1. If one or more than one provision of these Terms and Conditions of Purchase should be or become invalid, this shall not affect the validity of the other provisions. The same shall also apply in the case of a regulatory gap.

2. These Terms and Conditions of Purchase in their German version shall be definitive unless a different language is the contractual language. This shall also be applicable if a translation of the Terms and Conditions of Purchase into a different language was used in addition to the German-language conditions.

3. Unless other terms have been set via specific contract, the
supplier’s goods and/or services – presuming an order has been placed – are subject to the regulations set forth in the most current version of the relevant legal stipulations, in particular those of the German “Kreislaufwirtschaftsgesetz (KrWG)” recycling
management and waste law, as well as its subordinate
regulations, such as regional and local waste disposal laws.


Effective as of July 24, 2019

General Terms of Delivery and Payment for the NETZSCH Group (Germany)

I. Validity

1. All offers, contracts, agreements and deliveries are exclusively subject to our Terms of Delivery and Payment printed below. Any deviating terms of the Purchaser that have not been expressly acknowledged by us shall not be terms of the contract, even if we have not expressly rejected them.

2. To the extent that individual provisions of the contract or of these Terms of Delivery and Payment should prove to be invalid, this shall not affect the remaining provisions. If no supplementary interpretation of the contract is the priority or possible, the contract shall be supplemented by a provision which comes closest to what the parties would have legally and commercially intended with the invalid provision.


II. Offer, Right to Alter, Non-Disclosure

1. Our offers are presented under the condition that no obstacles stemming from national or applicable international regulations based on foreign trade legislation nor any embargos (and/or other sanctions) stand in the way of their fulfillment.

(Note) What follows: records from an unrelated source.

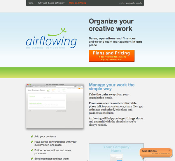 Airflowing was a web application that provided management to service companies. With an original UI design and simplicity in mind, it allowed the operations team to coordinate jobs, tasks and finances across different teammates. It was a simple yet end-to-end solution for small businesses. It ran on Pharo Smalltalk, jQuery, Aggregates, OmniBase object persistence achieving scalable and subsecond server-side rendering speeds. Shutdown in 2015.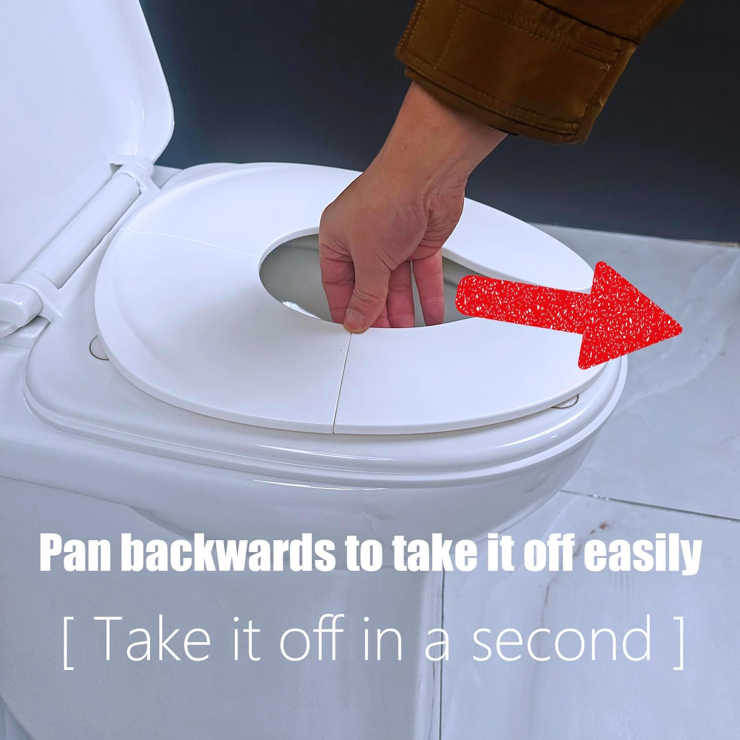 Newly upgraded model, when the hinge of this portable potty seat is fully open, it is in a locked position, so he can completely avoid getting his butt pinched.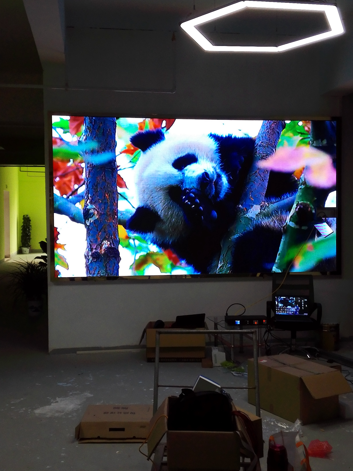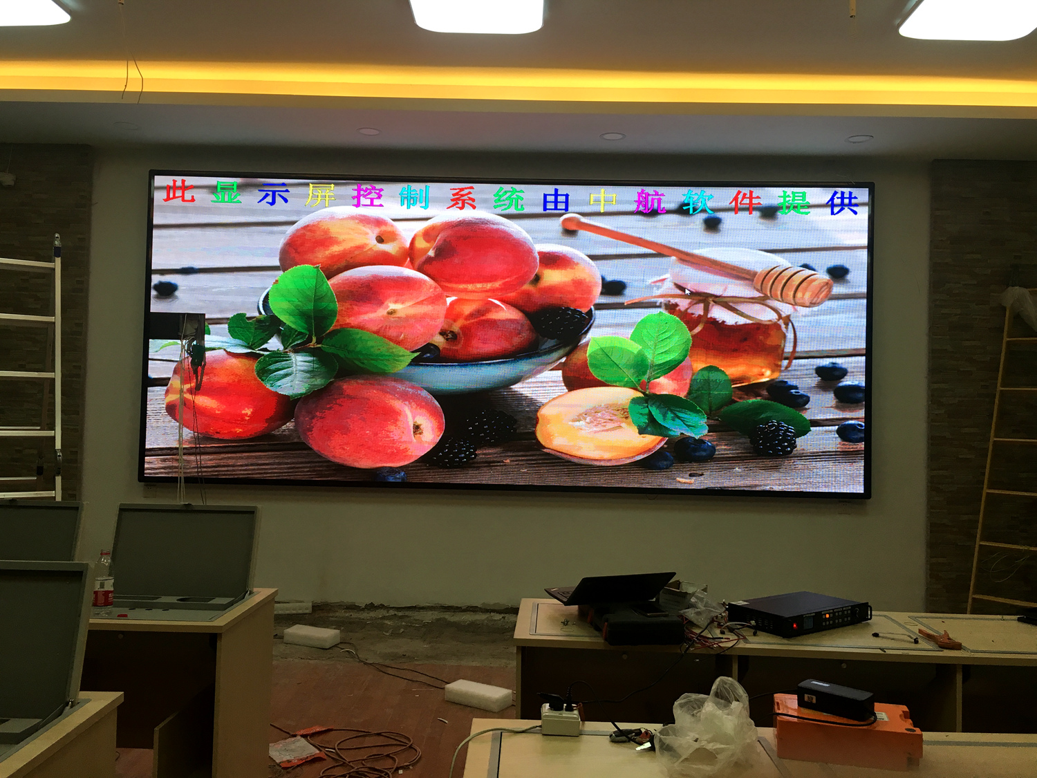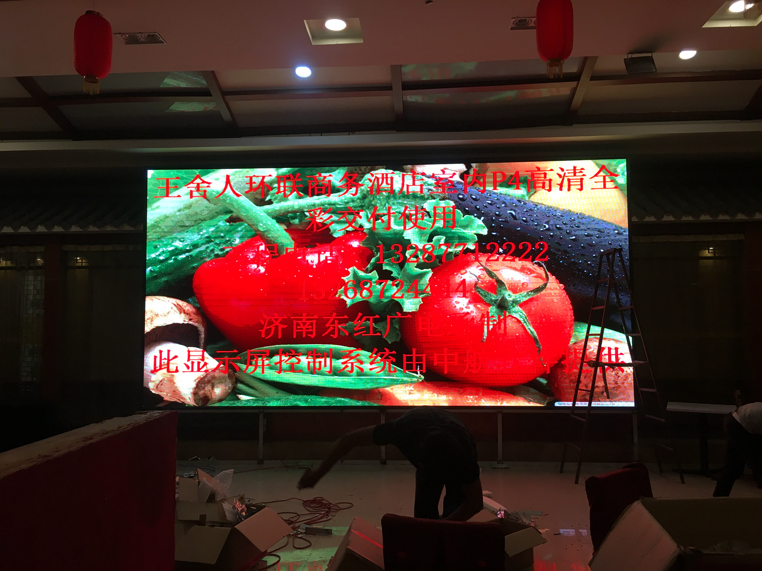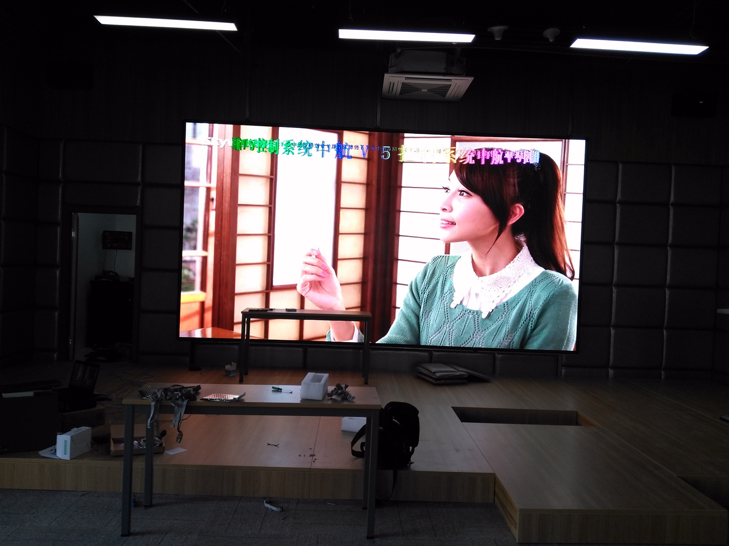安徽省合肥市某飯店,P2.5總點數960*704,8張接收卡,一張發(fā)送卡,單卡最大帶載128*704。感謝安徽荊涂光電孫總對中航的信任與支持!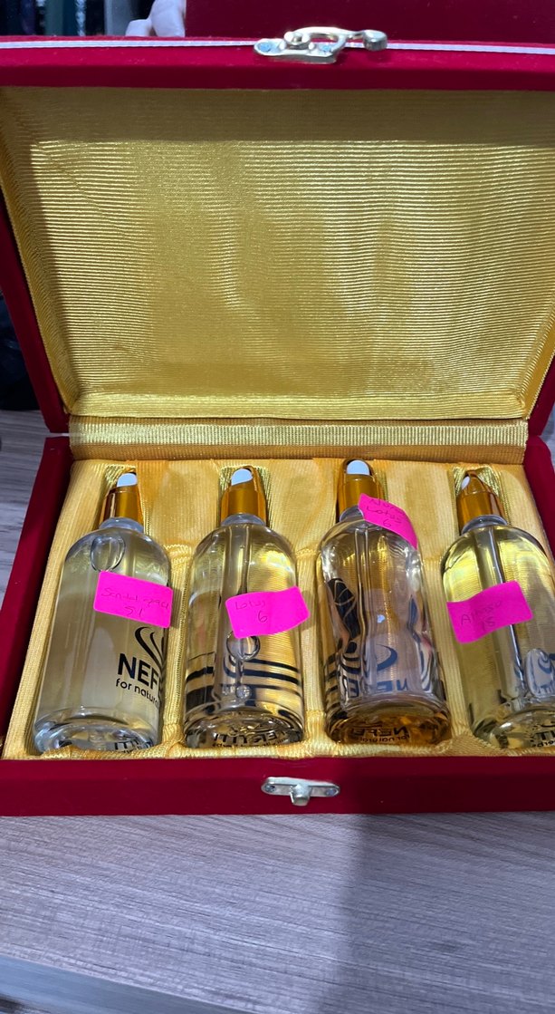 Kırmızı kutuda, altın renkli kumaş astarlı, dört adet kadın parfümünde kullanılan esans. Mısırdan alındı. Orjinal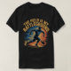 Esta t-shirt preta apresenta o texto "O CAMPO É A MINHA BATTLEGROUND" numa fonte estilizada amarela que se curva em torno de um gráfico central. O gráfico retrata um jogador de futebol, que parece ser um homem de pele clara com cabelo escuro, correndo com uma bola de futebol. O fundo tem explosões dinâmicas de azul e laranja, sugerindo energia e competição no campo.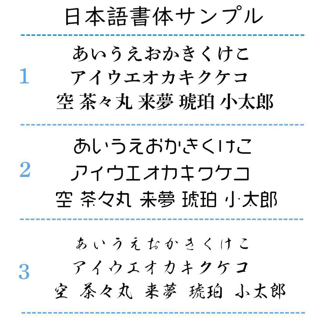 文字入れをご希望の場合は、実際に文字入れをする文字(英文字の場合は英文字、平仮名の場合は平仮名)でご連絡をお願いします。
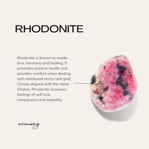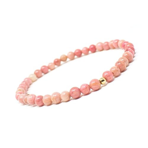 Azenway - سوار كريستال علاجي مشحون من الرودونيت - احجار كريمة طبيعية 4 ملم مع خرز مملوء بالذهب عيار 14 قيراط، حبل مطاطي، مجوهرات شبه ثمينة للنساء والرجال (رودونيت، مقاس M)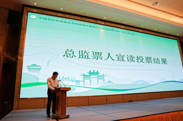 会议审议通过了第四届专委会工作报告,全面总结了第四届市场委自2017年至今的工作成绩。之后,经过紧张、严肃的计票环节,大会总监票人刘勇副会长宣读选举结果:上海帝芙特国际茶业市场经营管理有限公司庞言良董事长当选第五届专委会主任委员,北京二商京华茶业有限公司董事长邢志红等21位代表当选副主任委员,协会综合管理部主任韩丹同志任新一届专委会秘书长。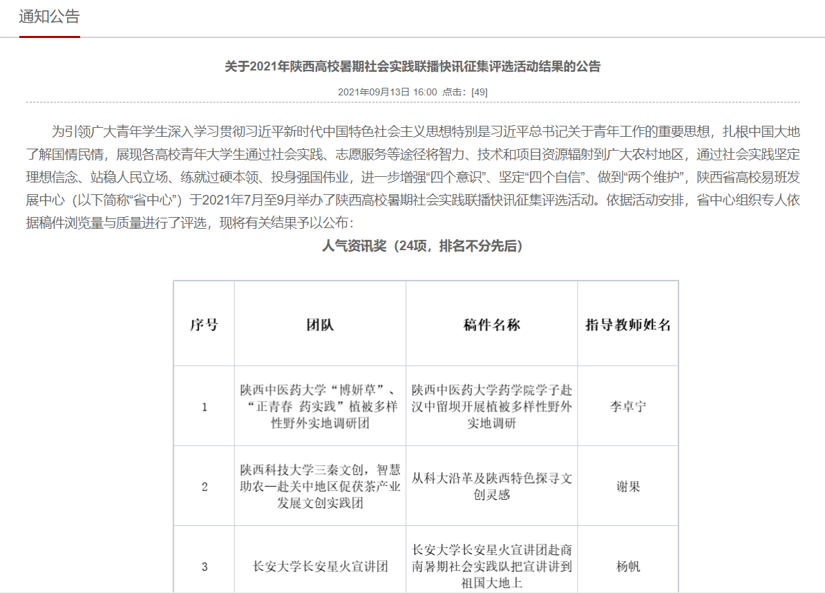 近日,由陕西高校网络思想政治工作中心组织开展的“关于2021年陕西高校暑期社会实践联播快讯集”评选结果公布,我校材料科学与工程学院“红色寻访”社会实践团队从全省6752支队伍中脱颖而出,与其他23支队伍一同获得了“人气资讯奖”,材料类2004王智辉获得活跃通讯员奖。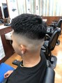スキンフェードに、ウェットな質感のアイロンパーマを組み合わせたスタイルです。タイトなシルエットで清潔感をキープしながら、毛流れと艶感で男らしさを演出。直毛やハチ張りにお悩みの方にもおすすめです。30代~40代の方にも好評の万能スタイルです
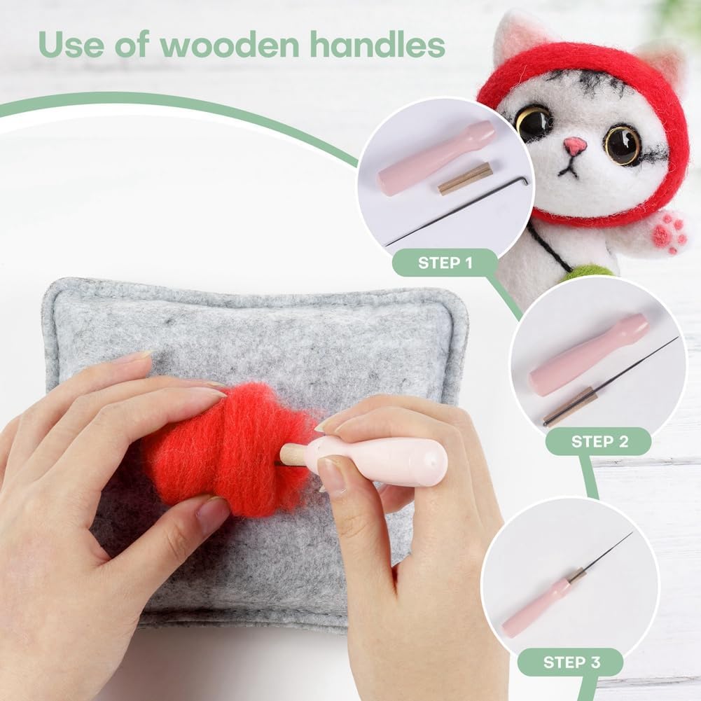 Kit di Infeltrito ad ago per bambole, parti di ricambio, accessori per principianti, kit di feltro, aghi in feltro, tampone in schiuma, panno in feltro, Ins

2. Our order confirmation defines the scope of delivery. Verbal side agreements, conditions, alterations or additions, whether made in person or by telephone, shall be valid only if we expressly confirm them.

3. Changes to the technical execution of the Product ordered are permissible as long as the Purchaser can be expected to find them reasonable and no significant change in functionality hereby occurs.

4. Documents pertaining to the offers, such as illustrations, drawings, and weight and measurement specifications, are approximations only and shall be considered as such unless expressly declared by us to be binding.

5. We reserve full ownership rights and intellectual property rights on cost estimates, drawings and other documents or materials, including samples, models and electronic documents which we provide to the customer. These may not be made available to third parties either in their original form or in terms of their content. The Purchaser may use them only for the purposes set forth contractually. All drawings and other documents pertaining to offers which we provide to Purchasers shall be returned to us upon our request or, if the order is not placed with us, shall be returned to us immediately at the expense of the Purchaser; additionally, any existing (even electronic) copies are to be destroyed, as long as they are no longer needed by the Purchaser for the orderly course of business or per legal obligations to retain the information.


III. Price and Terms of Payment

1. All prices quoted are ex works and, with respect to domestic orders, are subject to value added tax at the applicable legal rate. For foreign transactions, we calculate value added tax as described in Clause VIII. The Purchaser shall be invoiced separately for insurance, packaging and customs duties. We may, at our option, invoice such amounts at actual cost or at a flat rate.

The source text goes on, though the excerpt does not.